◆ WORK INSTRUCTION ◆
When the line with "Jedes dieser Tools" turns up below, begin repeating exactly, and carry on through the line with "Clear Glass Shades"; no pictures go into the copy.

◆ DATASET EXCERPTS ◆
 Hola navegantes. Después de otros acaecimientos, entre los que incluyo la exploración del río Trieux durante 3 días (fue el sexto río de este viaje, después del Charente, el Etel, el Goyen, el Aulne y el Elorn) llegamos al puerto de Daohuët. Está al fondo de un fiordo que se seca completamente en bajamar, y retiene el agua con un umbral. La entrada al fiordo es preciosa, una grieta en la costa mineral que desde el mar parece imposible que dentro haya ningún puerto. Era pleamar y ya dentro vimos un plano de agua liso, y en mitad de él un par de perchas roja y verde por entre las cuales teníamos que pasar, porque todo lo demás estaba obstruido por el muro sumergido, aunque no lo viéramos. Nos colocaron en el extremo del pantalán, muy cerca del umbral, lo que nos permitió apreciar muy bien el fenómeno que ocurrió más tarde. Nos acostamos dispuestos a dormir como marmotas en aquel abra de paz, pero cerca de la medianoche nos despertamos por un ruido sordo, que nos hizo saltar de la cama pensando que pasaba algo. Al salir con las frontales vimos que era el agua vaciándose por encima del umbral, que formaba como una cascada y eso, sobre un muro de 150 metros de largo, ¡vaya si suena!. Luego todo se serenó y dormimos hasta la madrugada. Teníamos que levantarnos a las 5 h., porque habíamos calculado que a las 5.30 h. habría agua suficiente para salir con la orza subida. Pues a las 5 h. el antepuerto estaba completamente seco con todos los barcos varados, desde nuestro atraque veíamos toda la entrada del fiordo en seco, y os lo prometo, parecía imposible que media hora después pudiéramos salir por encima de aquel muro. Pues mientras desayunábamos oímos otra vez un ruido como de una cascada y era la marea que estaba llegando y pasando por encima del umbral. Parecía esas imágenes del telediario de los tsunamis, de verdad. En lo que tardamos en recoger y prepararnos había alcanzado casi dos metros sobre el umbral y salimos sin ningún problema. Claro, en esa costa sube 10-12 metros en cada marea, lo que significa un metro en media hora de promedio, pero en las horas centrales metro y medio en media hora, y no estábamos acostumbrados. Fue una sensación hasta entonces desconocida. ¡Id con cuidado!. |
...
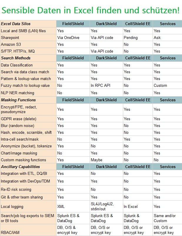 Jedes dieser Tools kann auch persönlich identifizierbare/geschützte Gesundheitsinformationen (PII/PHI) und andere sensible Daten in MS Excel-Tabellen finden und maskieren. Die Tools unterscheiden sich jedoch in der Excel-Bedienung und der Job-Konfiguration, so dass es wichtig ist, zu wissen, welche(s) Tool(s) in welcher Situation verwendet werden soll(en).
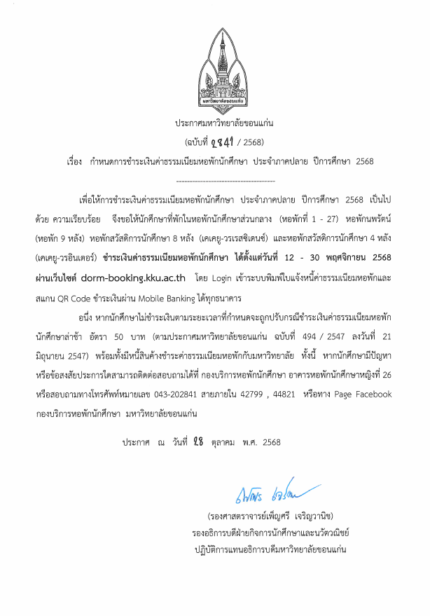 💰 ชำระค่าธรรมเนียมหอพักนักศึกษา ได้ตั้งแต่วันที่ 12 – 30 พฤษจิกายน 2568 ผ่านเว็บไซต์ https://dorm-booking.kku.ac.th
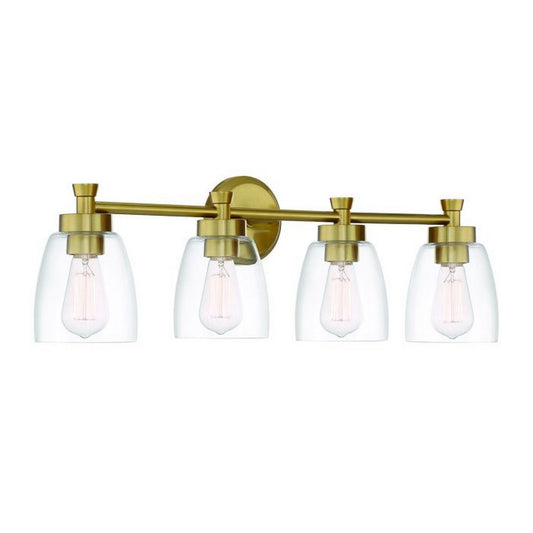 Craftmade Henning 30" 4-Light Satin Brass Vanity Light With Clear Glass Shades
--
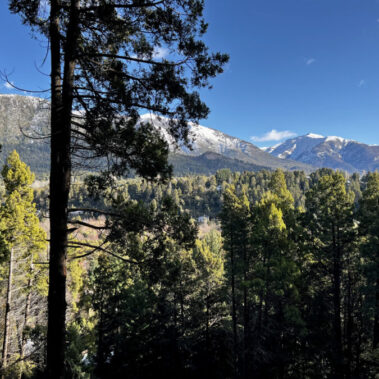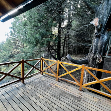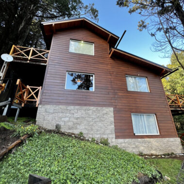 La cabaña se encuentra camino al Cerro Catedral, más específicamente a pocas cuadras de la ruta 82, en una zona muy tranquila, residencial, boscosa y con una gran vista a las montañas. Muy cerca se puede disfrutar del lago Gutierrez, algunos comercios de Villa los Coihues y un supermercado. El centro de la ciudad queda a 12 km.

◆ RESPONSE TO THIS EXERCISE ◆
 Jedes dieser Tools kann auch persönlich identifizierbare/geschützte Gesundheitsinformationen (PII/PHI) und andere sensible Daten in MS Excel-Tabellen finden und maskieren. Die Tools unterscheiden sich jedoch in der Excel-Bedienung und der Job-Konfiguration, so dass es wichtig ist, zu wissen, welche(s) Tool(s) in welcher Situation verwendet werden soll(en).
 💰 ชำระค่าธรรมเนียมหอพักนักศึกษา ได้ตั้งแต่วันที่ 12 – 30 พฤษจิกายน 2568 ผ่านเว็บไซต์ https://dorm-booking.kku.ac.th
 Craftmade Henning 30" 4-Light Satin Brass Vanity Light With Clear Glass Shades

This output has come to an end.